Bio-based oxalic acid production in Issatchenkia orientalis enables sustainable rare earth recovery

ABSTRACT

The growing demand for rare earth elements (REEs) in clean energy and high-tech industries underscores the need for sustainable recovery methods and a reliable supply of processing chemicals. Here, we establish a microbial platform using the acid-tolerant yeast Issatchenkia orientalis SD108 to produce bio-oxalic acid for REE recovery. By introducing an oxaloacetate cleavage pathway and applying metabolic engineering, the engineered strain produces 39.53 g·L-1 oxalic acid at pH 4.0 in fed-batch fermentation. The crude fermentation broth, used without purification, efficiently precipitates over 99% neodymium (Nd), 99% dysprosium (Dy), and 98% lanthanum (La) from individual REE chloride solutions. Recovery from a low-grade ore leachate achieves over 99% total recovery. X-ray diffraction (XRD) and Fourier transform infrared spectroscopy (FTIR) confirm that REE oxalates precipitated with bio-oxalic acid closely resemble those obtained using commercial oxalic acid.

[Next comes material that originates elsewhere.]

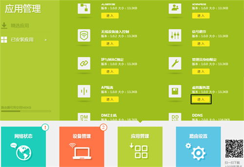 1、在瀏覽器輸入tplogin.cn登錄路由器管理界面,點擊 應用管理,進入 虛擬服務器,如下圖:

Techno-economic analysis (TEA) and life cycle assessment (LCA) further demonstrate that bio-oxalic acid can be produced at a competitive price of .79·kg-1 while reducing carbon intensity (CI) by 112% to 63.5% with and without electricity displacement, respectively, relative to the fossil-based benchmark. These results highlight bio-oxalic acid as a green, economically viable alternative to synthetic oxalate for sustainable REE recovery.